Large-scale group-buying lowered the threshold of e-commerce for individual consumers and substantially improved the situation for buyers and sellers both, accelerated the transformation of economic structure and helped promote domestic consumption.

As Chinese people's "needs" change from enough food and clothing to leading a comfortable life, people both in urban and rural areas are spending a lower proportion of their incomes on food and clothing and more on other needs such as education, medical care, housing, cars, recreation and entertainment. Although low prices play a key role in increasing people's group-buying urge, the corollary is that more services offered through group-buying portals help transform people's consumption pattern, meet their needs, and optimize their consumption structures.

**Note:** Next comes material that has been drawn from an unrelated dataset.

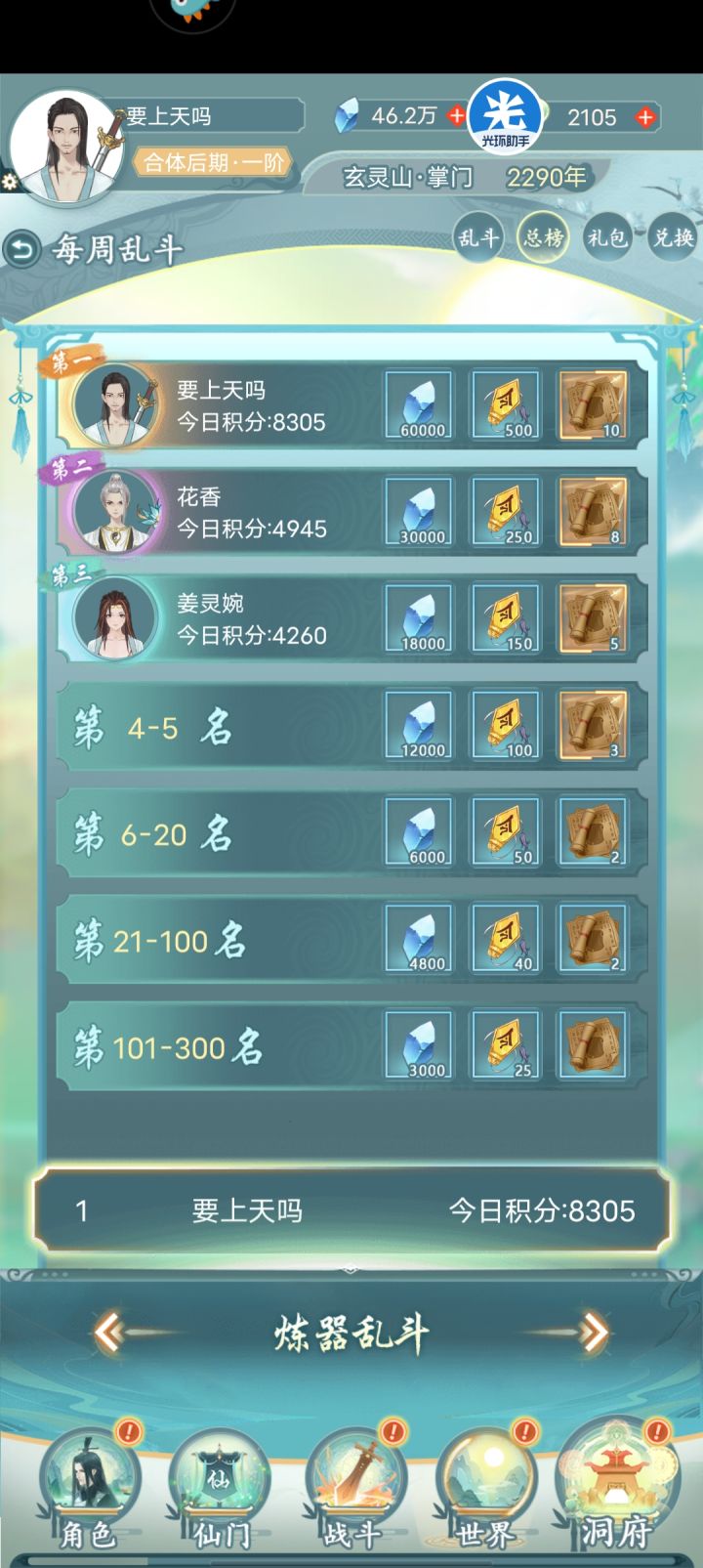 因为每周乱斗性价比最好的我觉得是练器,飞行,灵植,练丹,练药,霸主,灵兽都废时间对于没多少时间的0氪党我选择在练器上吊打他们直接拉开分数直接总榜第一 后面无论他们怎么追都追不上 哪怕你练满一星期练妖草 我练器直接就拉开你几千分甚至上万你还怎么追
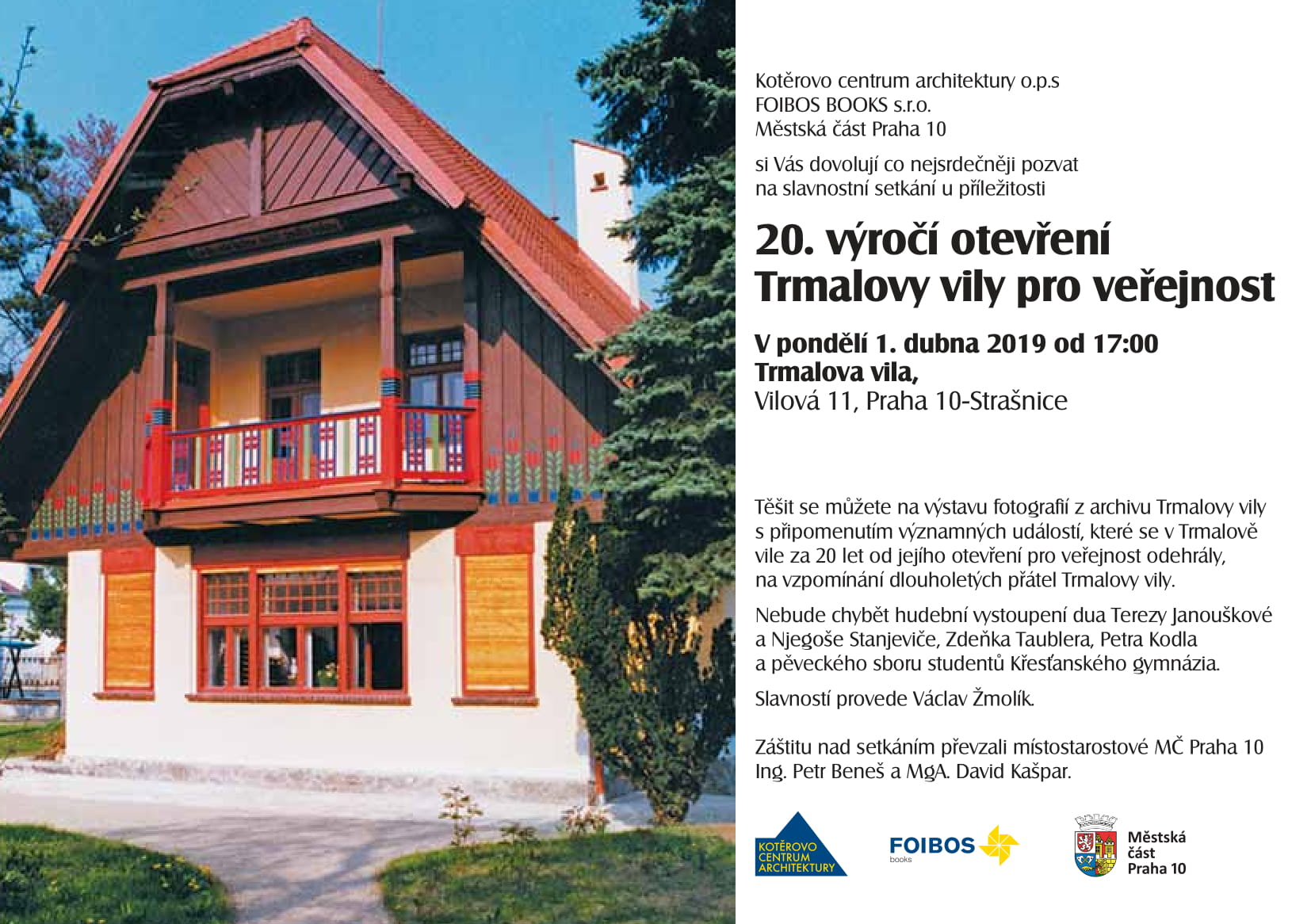 15.03.2019Kotěrovo centrum architektury o.p.s, FOIBOS BOOKS s.r.o. a Městská část Praha 10 si Vás dovolují co nejsrdečněji pozvat na slavnostní setkání u příležitosti 20. výročí otevření Trmalovy vily pro veřejnost

This process has not only benefited consumers, but also the service providers, because group-buying offers them a freeway to expand and attract more customers. Besides, as more e-commerce enterprises join and thus expand the group-buying industry, they will act as catalysts for innovation, and help transform and upgrade consumption.

The booming e-commerce sector has been praised extensively, but equal attention should be paid to its defects and the problems it faces. Its greatest problem is honesty, or the lack of it. Since any company can enter the group-buying market, the sector has been flooded by websites providing commodities and services at wildly varying prices. There are too many group-buying websites and the market lacks the basic standards for ensuring the quality of goods and services.

The entire industry has been in a bubbling state. All websites, after a golden period of fast expansion and huge capital infusion, are facing fierce competition - which could lead to integration.

Almost all the group-buying portals offer food products or entertainment facilities only, with a few providing services related to education and medical care. This means there's still room for the market to diversify and expand.

Another problem is the increasing number of complaints filed by consumers, which is partly the result of competition between websites offering group-buying services. To get more business, some websites ignore the basic requirements from and restrictions on sellers, some of whom may be involved in foul play.

To tackle the last two problems and improve the situation, greater but healthier competition is needed in the market. And to deal with the problems of honesty (or the lack of it) and a bubbling industry, the government has to issue regulation and guidelines for consumers as well as business enterprises.

The author is a researcher at the Institute of Finance and Trade Economics, Chinese Academy of Social Sciences.